● Requirement
Working from the entries that follow, transcribe exactly and only the lines from the one with "А вот подарочки" through the last, pictures excluded.

● Records for this exercise
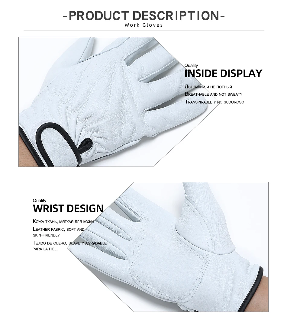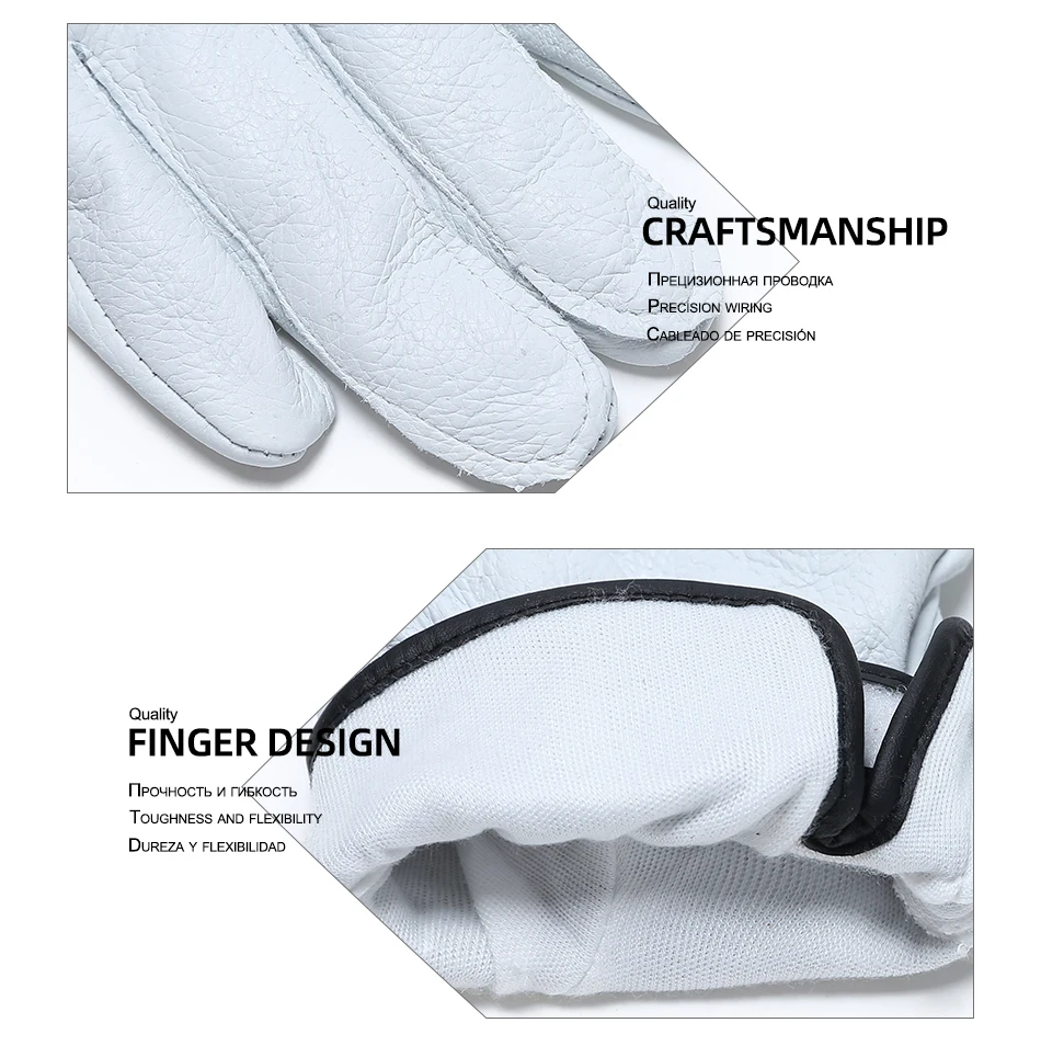 Изготовлено из высококачественной кожи средней толщины, мягкой и эластичной. Ладонь обладает повышенной износостойкостью, а эластичный ремешок может держать пыль и мусор внутри перчаток, делая перчатку более близкой к руке. Дизайн GON cut и KEYSTON thumb-перчатки Gunn cut обладают отличной прочностью и гибкостью, потому что шов начинается с ладони. Уменьшите напряжение в шве, и наш дизайн большого пальца Keystone для изготовления перчаток. Сделайте ваши руки более гибкими и двигайтесь более свободно. Из-за естественного дышащего материала он удобно впитывает пот.
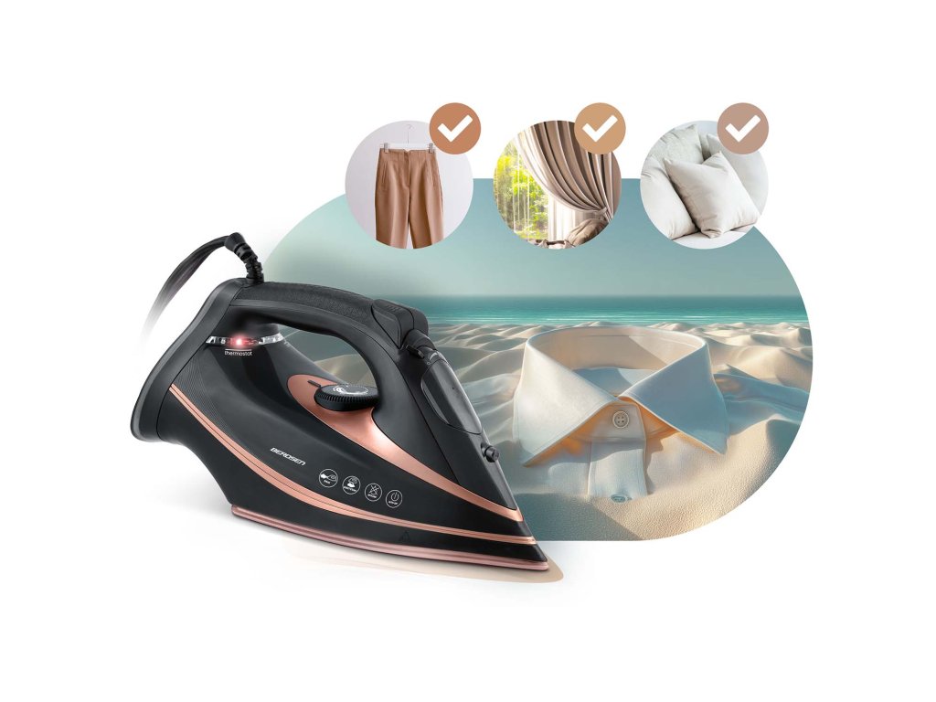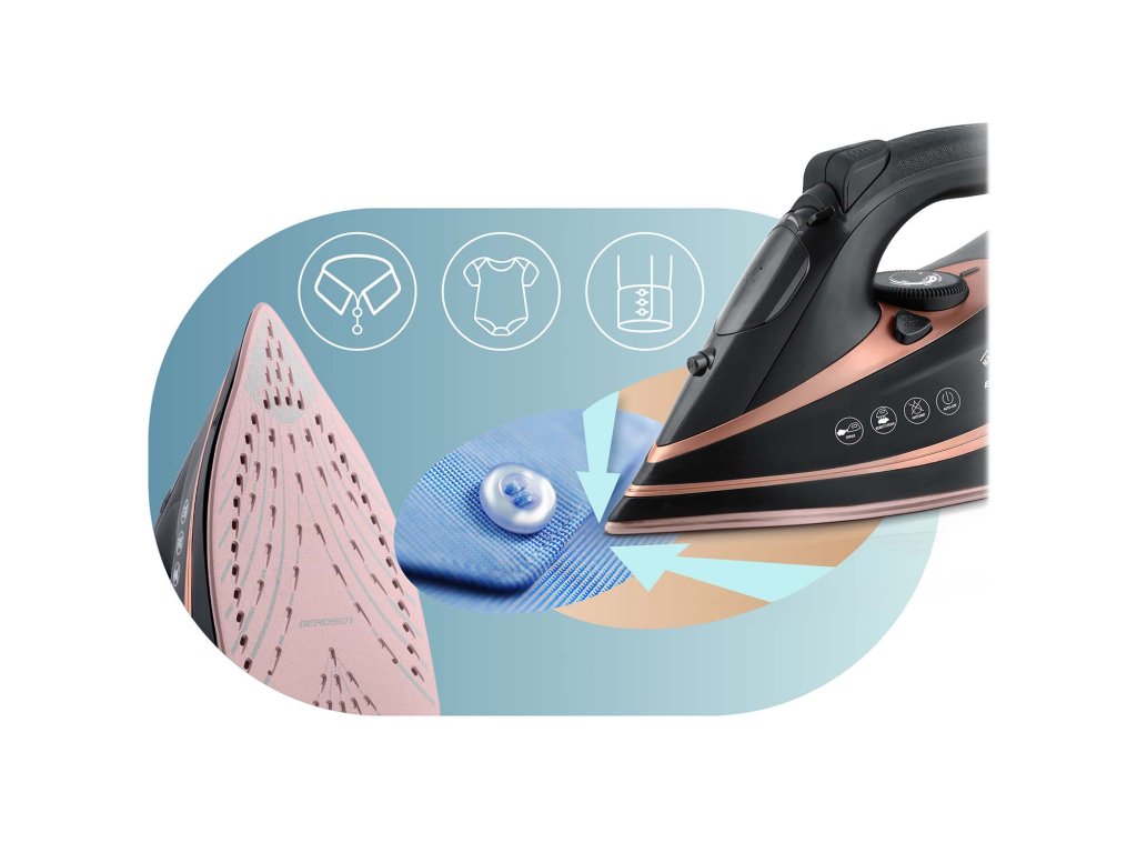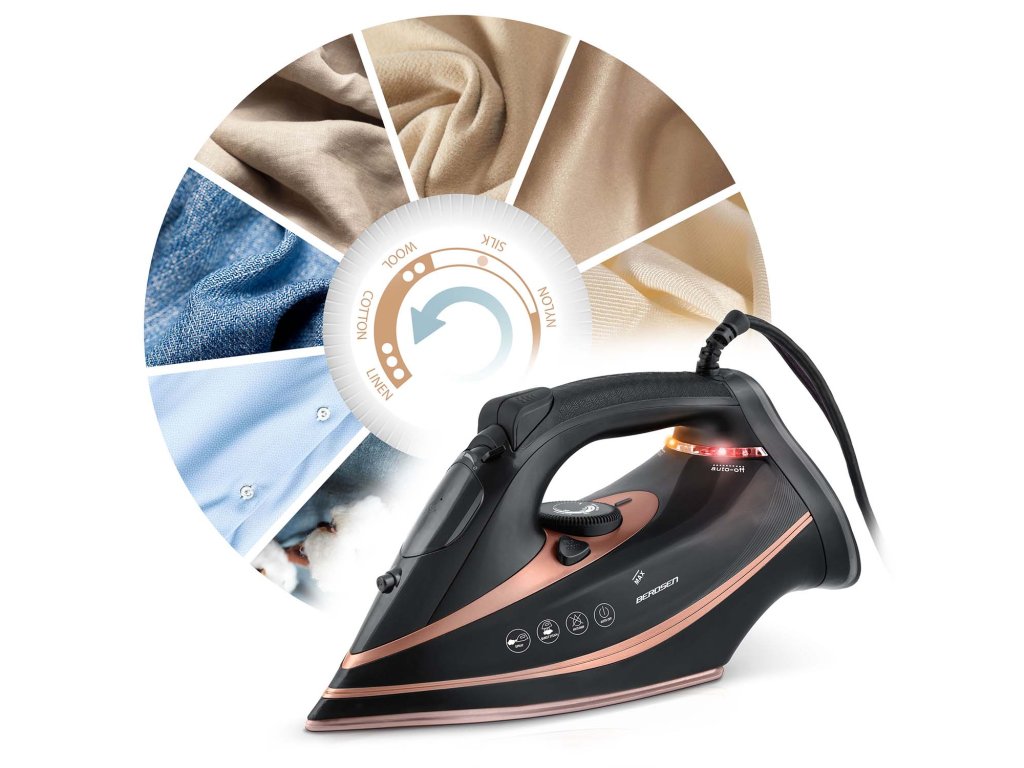 Nu risca arderi sau haine necalcate. Datorită reglajului fin al temperaturii, fierul de călcat Berdsen se adaptează fiecărei țesături – de la mătase delicată la in gros.
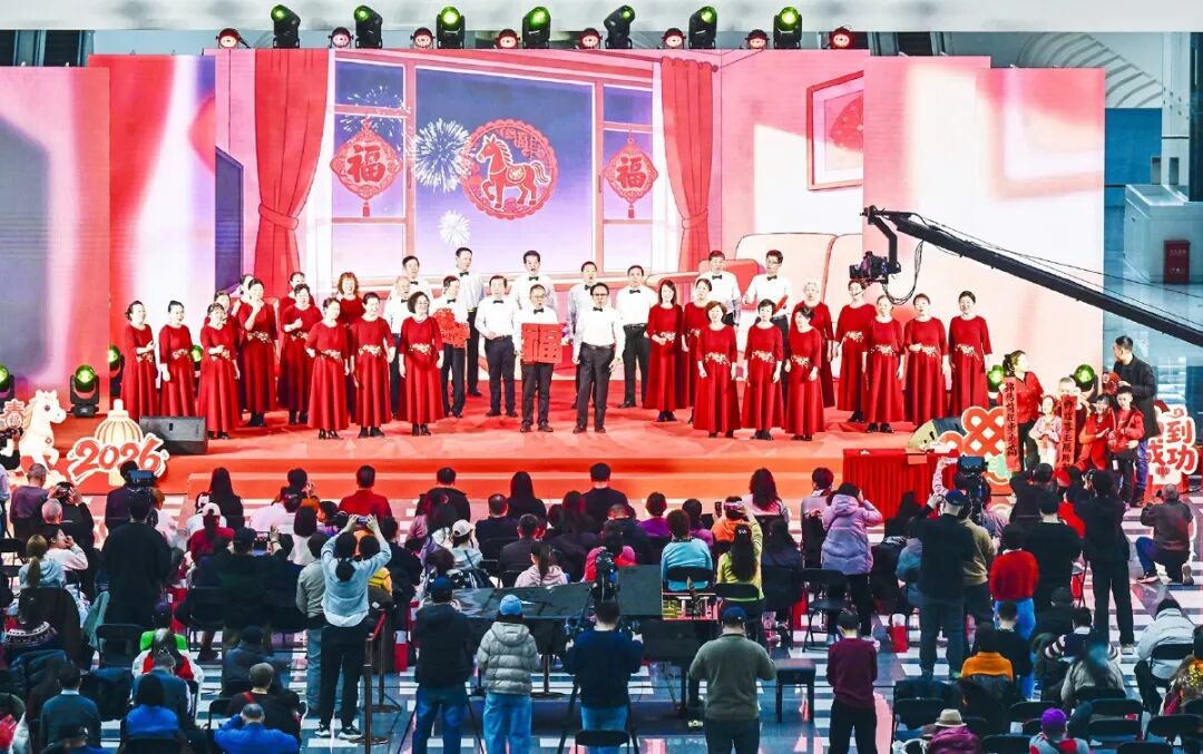 “ 马”上欢聚副中心·2026京津冀市民新春大联欢的开场舞狮《龙腾狮跃贺马年》瞬间点燃全场热情;歌曲《我在北京的胡同里长大》《快乐的天津人》和评剧《报花名》生动演绎了京津冀三地的人文风情。
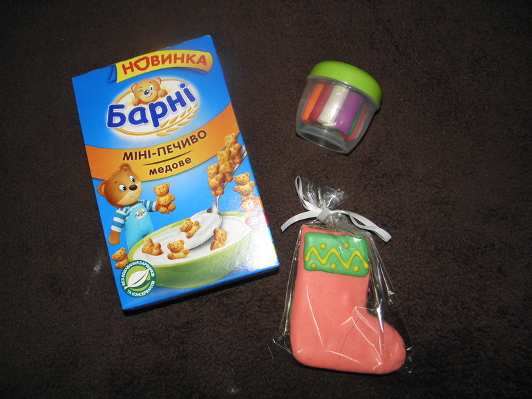 А вот подарочки от Катуси-Снегурочки для Васюши)печеньки Барни,масса для лепки и нарядный пряничек))
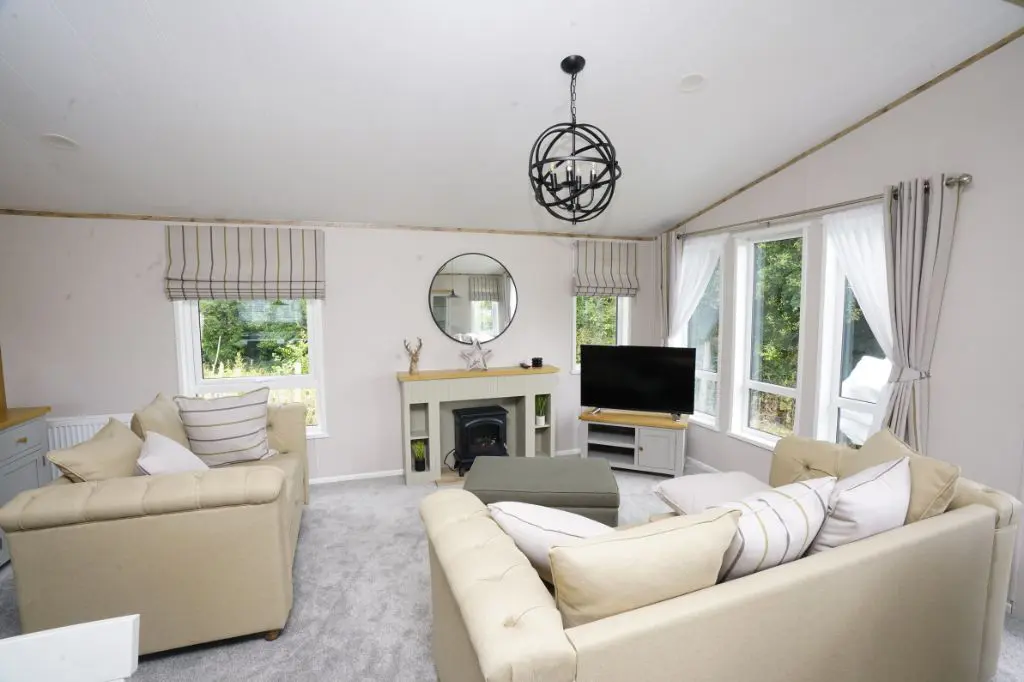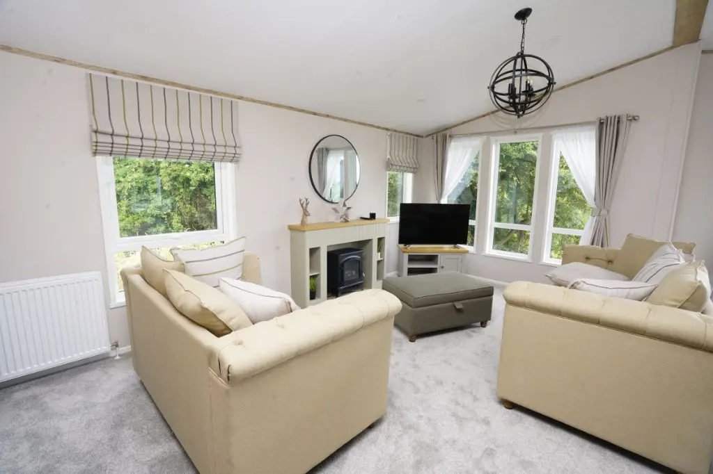 The flagship of the Atlas range, the Debonair Lodge 5 lounge will take your breath away. Pillow back style freestanding sofas take pride of place in front of the electric stove-effect fire which nestles in the country-style fire surround.

● Written answer
 А вот подарочки от Катуси-Снегурочки для Васюши)печеньки Барни,масса для лепки и нарядный пряничек))
 The flagship of the Atlas range, the Debonair Lodge 5 lounge will take your breath away. Pillow back style freestanding sofas take pride of place in front of the electric stove-effect fire which nestles in the country-style fire surround.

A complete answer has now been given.